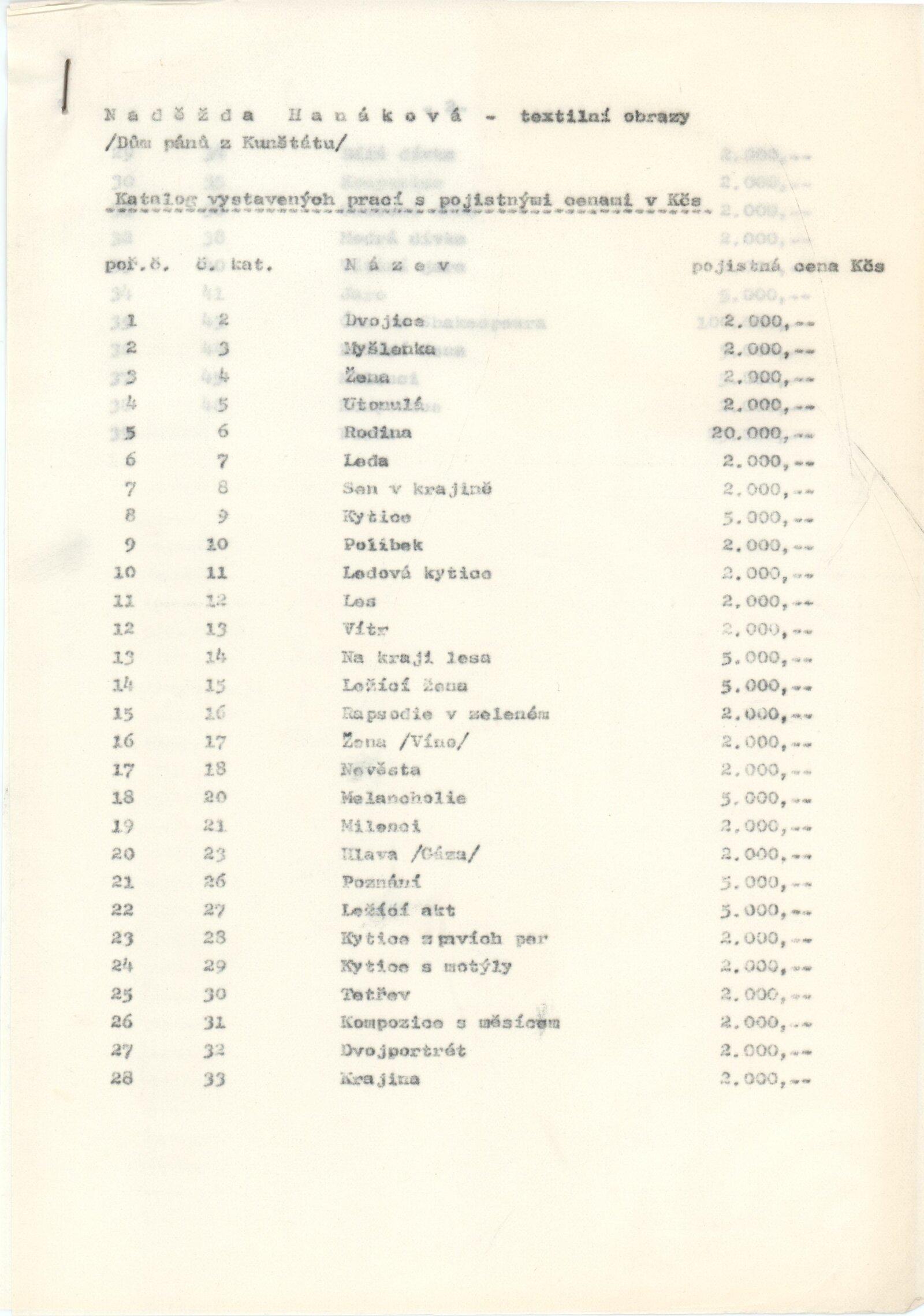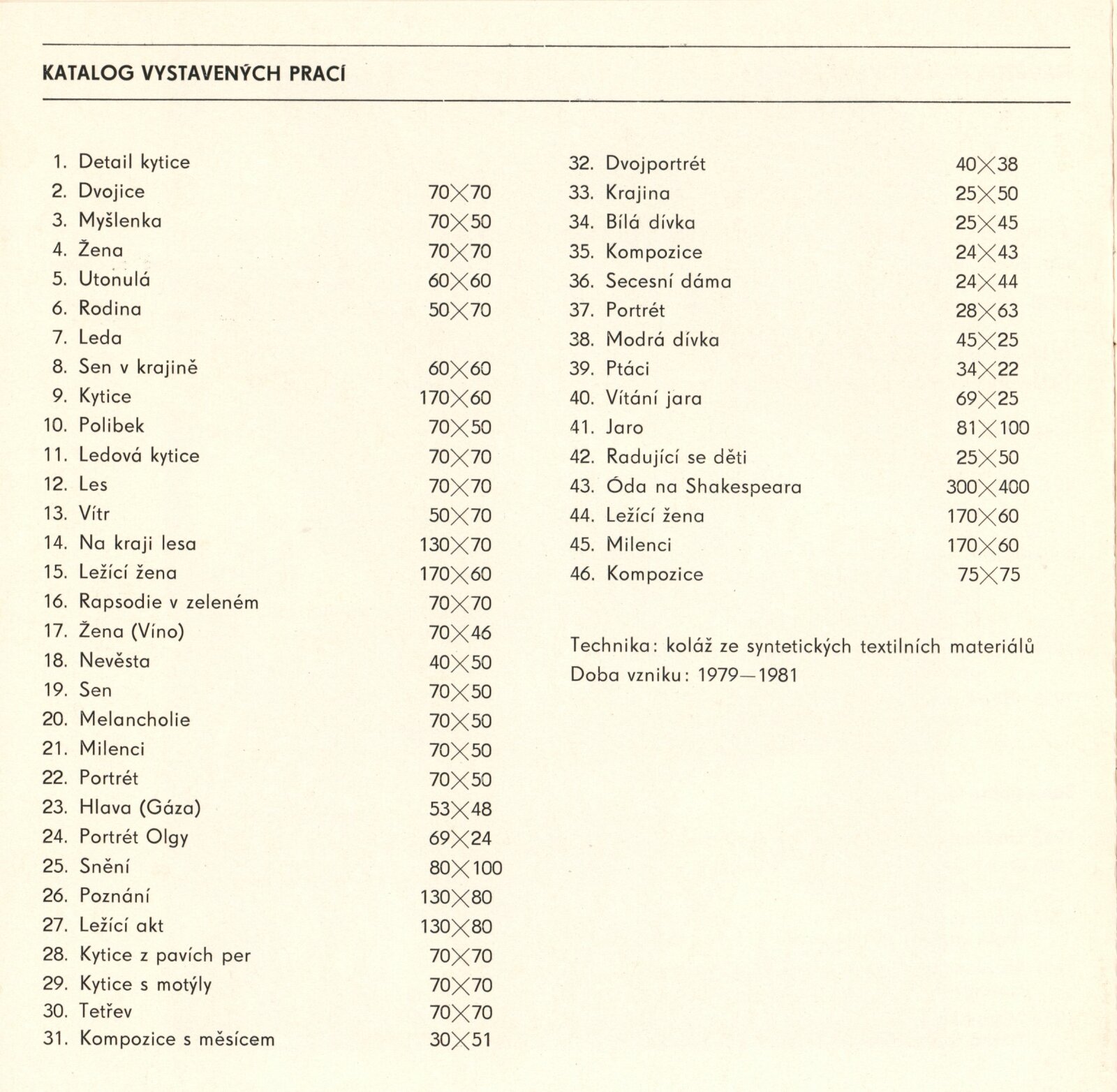 pozvánka, katalog, strojopis, seznamy děl, fotografie vernisáže, fotografie děl a autorky, provozní korespondence (žádost o schválení tisku katalogu), recenze v tisku
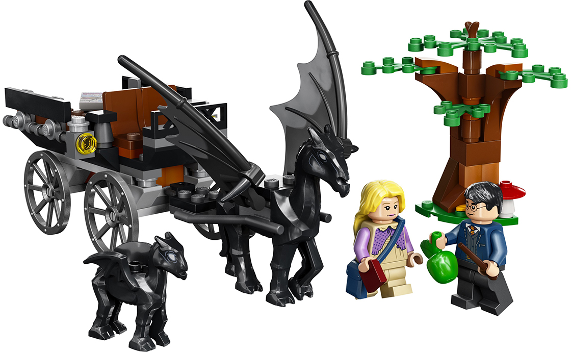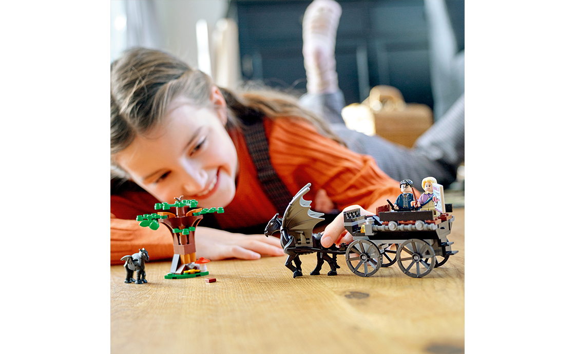 "Ти не збожеволів, я теж їх бачу. Ти такий же нормальний як і я." - Палумна Лавгуд. Ці слова сказала дівчинка Луна Гаррі Поттеру, коли він був дуже здивований, що бачить тестралів, адже він ніколи не бачив їх раніше. Тестрал - це чарівний крилатий кінь, його здатні бачити тільки ті, хто зазнав сильних переживань у своєму житті. Кінь цієї породи розумний і відданий, добре розуміє людську мову, досить добродушний, але при цьому небезпечний. Має гострі ікла, великі крила, довгий чорний хвіст. Місце проживання – Заборонений ліс біля школи Гоґвортс. Міністерство магії відносять фестралів до категорії "небезпечні тварини". Швидше відкривайте коробку конструктора LEGO Harry Potter Hogwarts™ Карета та Тестрали (76400), де всередині чарівні пригоди вже чекають на вас. Про набір У вас є унікальний шанс познайомитись особисто з чудовими кіньми – тестралами. У новому ігровому наборі LEGO Harry Potter Hogwarts™ Карета та Тестрали Хогвартсу (76400) представлені одразу два тестрали - дорослий кінь з можливістю піднімати та опускати крила та юний тестральчик зі складеними крильцями. Набір є збірною іграшкою для дітей від 7 років. Конструктор складається з: 121 елемента ЛЕГО; двох мініфігурок - Гаррі Поттер та Палумна Лавгуд; покрокової ілюстрованої інструкції зі збирання. Ігровий набір буде цікавий усім маленьким чарівникам, відьмам і навіть звичайним маглам. Кожен захоче скласти компанію Гаррі та Луні, коли у Забороненому Лісі вони знайдуть маленького і дорослого тестрала. У друзів із собою заготовлені ласощі для тварин - це м'ясо та яблуко. Нагодуйте чарівних коней разом з улюбленими героями. Діти натхненно збиратиму конструктор, відтворюватимуть культові сцени з фільму "Гаррі Поттер та Орден Фенікса", а також вигадуватимуть власні сценарії гри. Всі деталі та аксесуари ігрового набору створені на основі п'ятого фільму про Гаррі Поттера. Використовуючи безкоштовну мобільну програму LEGO Building Studies - ви разом з вашою дитиною зможете скрасити процес складання інтерактивними 3D інструкціями. Вам будуть доступні різні цікаві інструменти для повертання, масштабування, збереження свого прогресу та багато іншого. Карета для Гаррі та Місяця у зібраному вигляді має такі розміри: Висота – 9 см; Довжина – 17 см; Ширина – 6 см. Збирайте, грайте та демонструйте своїм друзям. Віз із тестралом доповнить колекцію кожного поттерамана. Збірна модель буде чудово виглядати як особливість інтер'єрного декору у вашому будинку. Ігровий набір LEGO Harry Potter Hogwarts™ Карета та Тестрали (76400) є частиною великої серії конструкторів ЛЕГО – LEGO Harry Potter. У кожному наборі серії є улюблені всіма персонажі, культові місця, відображені важливі сцени подій з кінофільмів. Комбінуйте набори ЛЕГО серії Гаррі Поттер із тими, що є у вас та тими, що є у ваших друзів. Запрошуйте друзів на веселі ігри та чарівні пригоди.
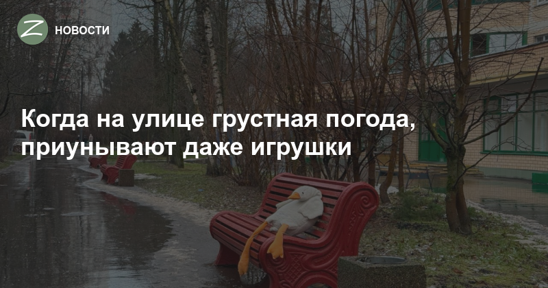 Сегодня утром плюшевый гусь устроился на скамейке в 3-м микрорайоне так, будто вышел ненадолго проветриться, посмотрел на лужи, вздохнул и решил просто посидеть — без спешки, без планов и без веры в солнце. Настроение — строго «около нуля».
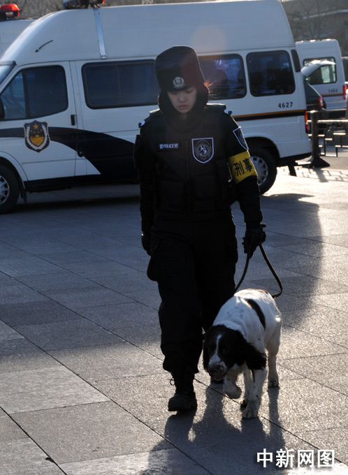 3月5日上午9時,十一屆全國人大三次會議在北京隆重開幕。國務院總理溫家寶作政府工作報告。圖為圖為人民大會堂外的安檢處。中新網記者 吳歆 攝
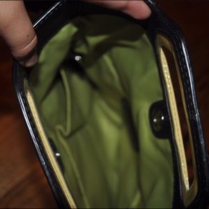 A perfect crossbody coach purse with the classic 'C' logo in black. It has a folded flap and on the back side there is a silver zipper. The interior is lime green and has rarely been used.
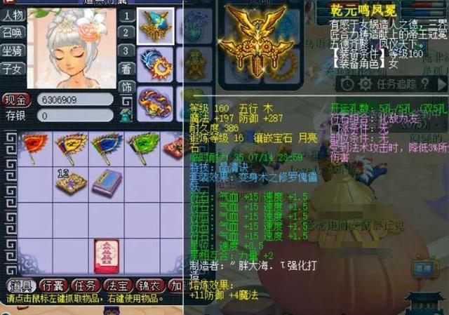 第一件展示的装备,是这件160级满段月亮的晶清傀儡妖女头,满段之后这件女头能提供298点防御,晶清诀作为大特技中的佼佼者,实用性那是没的说。五件敏捷套能提供给号主更多的速度属性,出手更快。
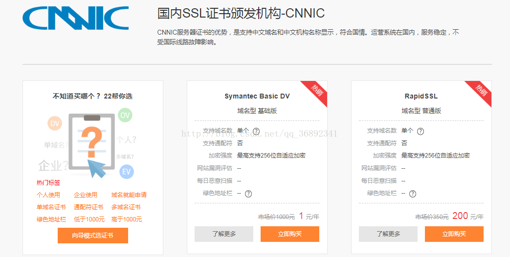 网上销售ssl证书的网站很多,价钱从几百到几千都有,由于楼主穷光蛋一个,只能申请一下免费的ssl证书,阿里云上面就可以申请数量有限的ssl证书。但本次楼主介绍的购买ssl证书是叫爱名网上购买的,如下图,按照爱名网上的步骤一步步来。
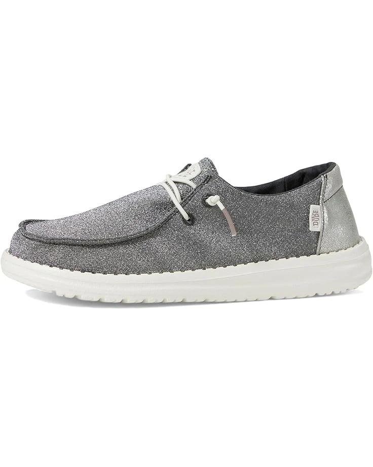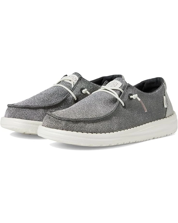 - Perfect for those busy feet, the Hey Dudeâ„¢ Kids Wendy Metallic Sparkle Loafers are built with a breathable textile upper, lining, and insole and feature an easy-on system with elasticized laces.
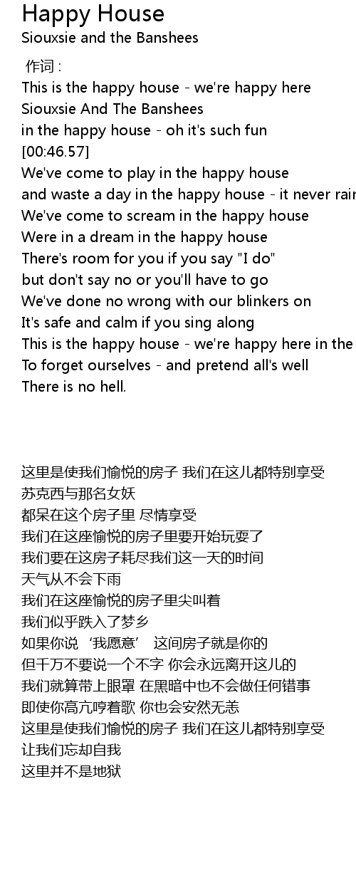 | [01:46.16] | This is the happy house we' re happy here in the happy house |
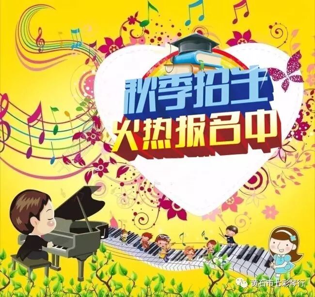 七彩虹艺校盛大招生学校简介 七彩虹艺术培训学校是黄石教育局注册认证的专业艺术培训机构,七彩虹艺术培训学校携手国际音乐教育品牌雅马哈与美国儿童艺术教育品牌戴纳索斯,强强联合打造的教学全国连锁培训机构----雅马哈·戴纳索斯国际钢琴教室,引进国际先进的音乐教学体系。七彩虹艺术培训学校秉承“推广音乐文化,培育音乐人才”的教育理念,为不同年龄、不同需求的音乐爱好者,订制适合、有效的教学方案,致力推动音乐教育事业在中国普及和推广,打造黄石专业艺术品牌! 七彩虹总校和分校荟萃了全区艺术各专业优秀教师在我校任教。教学内容七彩琴行 ·七彩虹艺术学校开设专业:键盘乐:钢琴、电子琴、数码钢琴、管弦乐:萨克斯、单簧管、长笛、小提琴、民 乐:古筝、竹笛、古琴电声乐:民谣吉他、古典吉他、电吉他、贝司声 乐:少儿歌唱、成人声乐、打击乐:架子鼓音乐理论:音乐素养、视唱练耳、假期班:寒暑期各专业集训、短期集训、各专业一对一课程七彩琴行经销:经营范围:钢琴、电钢、电子琴、萨克斯、单簧管、吉它、贝司、长笛、架子鼓、小提琴、古筝、二胡、葫芦丝等乐器七彩虹艺校成果展示超大展厅,您想要的乐器这里都有...黄石七彩琴行总店(雅马哈钢琴专卖店)、黄石七彩琴行旗舰店为雅马哈钢琴黄石地区唯一官方授权代理商。厂家授权珠江钢琴、敦煌古筝黄石地区特约经销商!七彩琴行店面地址雅马哈钢琴专卖店(七彩琴行总店)地址:黄石市广场路9号(中医院对面)电话:0714-6264488七彩琴行旗舰店(大上海分店)地址:黄石市武汉路大上海广场A区4-103#(秀玉一楼)电话:17371412053七彩虹艺术培训学校(广场路总校)地址:黄石市广场路9号(中医院对面)电话:0714-6264488七彩虹艺术培训学校(大上海分校)地址:黄石市武汉路大上海广场A区4-103#(秀玉一楼)电话:0714-6204499雅马哈·戴纳索斯国际钢琴学校地址:黄石市武汉路大上海广场A区4-103#(秀玉一楼)电话:17371412035
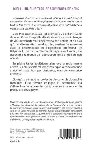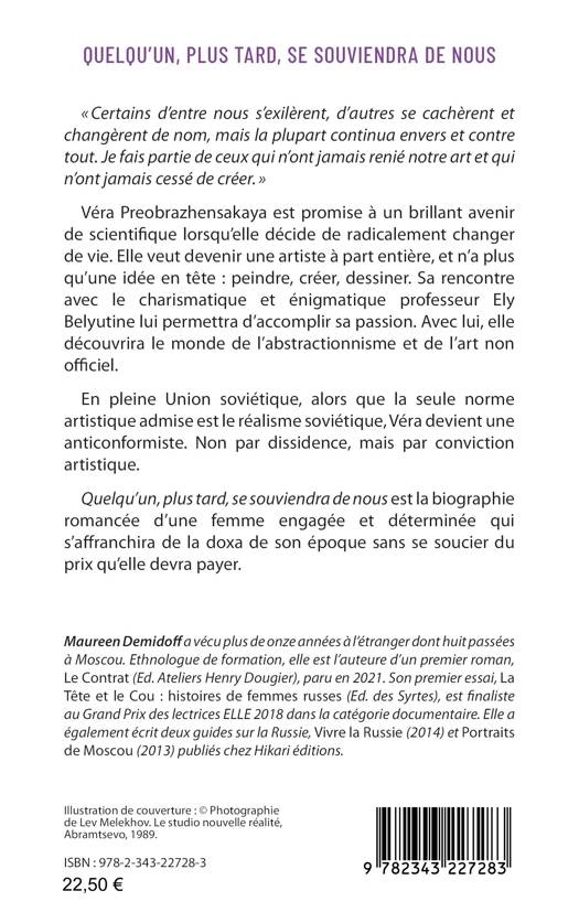 Véra Preobrazhensakaya est promise à un brillant avenir de scientifique lorsqu’elle décide de radicalement changer de vie. Elle veut devenir une artiste à part entière, et n’a plus qu’une idée en tête : peindre, créer, dessiner. Sa rencontre avec le charismatique et énigmatique professeur Ely Belyutine lui permettra d’accomplir sa passion. Avec lui, elle découvrira le monde de l’abstractionnisme et de l’art non officiel. En pleine Union soviétique, alors que la seule norme artistique admise est le réalisme soviétique, Véra devient une anticonformiste. Non par dissidence, mais par conviction artistique. Quelqu’un, plus tard, se souviendra de nous est la biographie romancée d’une femme engagée et déterminée qui s’affranchira de la doxa de son époque sans se soucier du prix qu’elle devra payer.
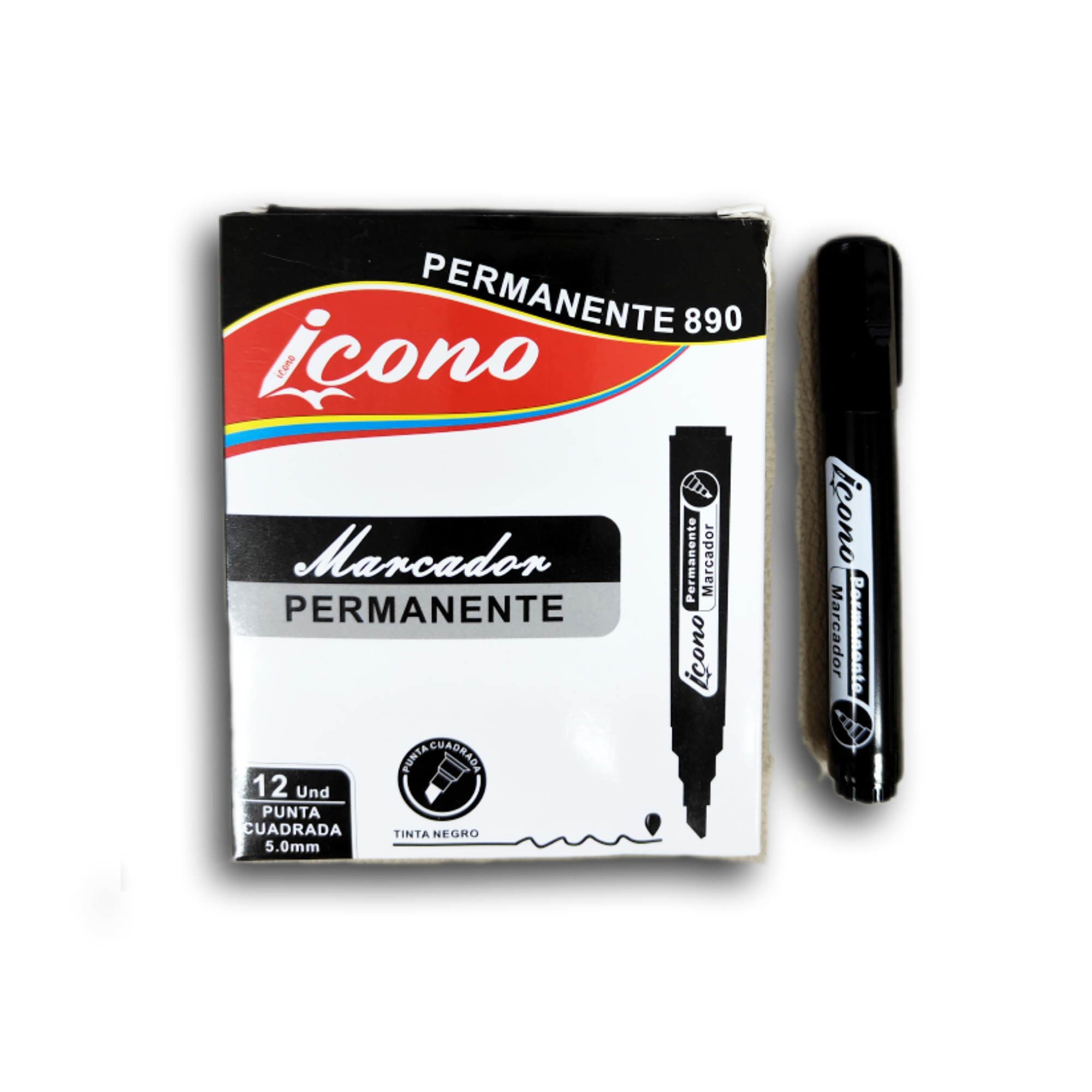 / ICONOMarcador permanente negro punta cuadrada. 12 und
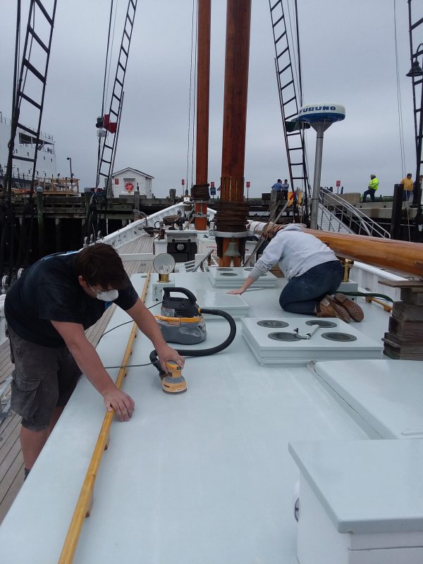 - Shannon and Andrew sanding on deck
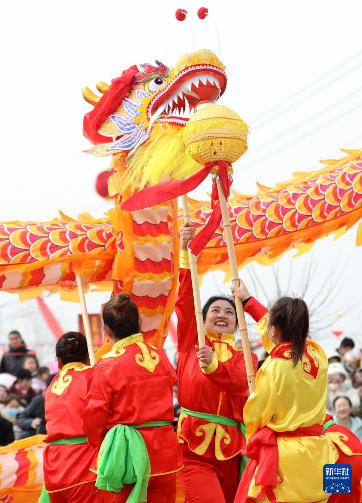 2月19日,在浙江省宁波市北仑区柴桥街道,艺人在舞龙展演(无人机照片)。

# # # # #

Out of the records above, please copy exactly the lines from the line with "A perfect crossbody" up to and including the line with "happy house |", minus the pictures.

◆ **YOUR SOLUTION**
 A perfect crossbody coach purse with the classic 'C' logo in black. It has a folded flap and on the back side there is a silver zipper. The interior is lime green and has rarely been used.
 第一件展示的装备,是这件160级满段月亮的晶清傀儡妖女头,满段之后这件女头能提供298点防御,晶清诀作为大特技中的佼佼者,实用性那是没的说。五件敏捷套能提供给号主更多的速度属性,出手更快。
 网上销售ssl证书的网站很多,价钱从几百到几千都有,由于楼主穷光蛋一个,只能申请一下免费的ssl证书,阿里云上面就可以申请数量有限的ssl证书。但本次楼主介绍的购买ssl证书是叫爱名网上购买的,如下图,按照爱名网上的步骤一步步来。
 - Perfect for those busy feet, the Hey Dudeâ„¢ Kids Wendy Metallic Sparkle Loafers are built with a breathable textile upper, lining, and insole and feature an easy-on system with elasticized laces.
 | [01:46.16] | This is the happy house we' re happy here in the happy house |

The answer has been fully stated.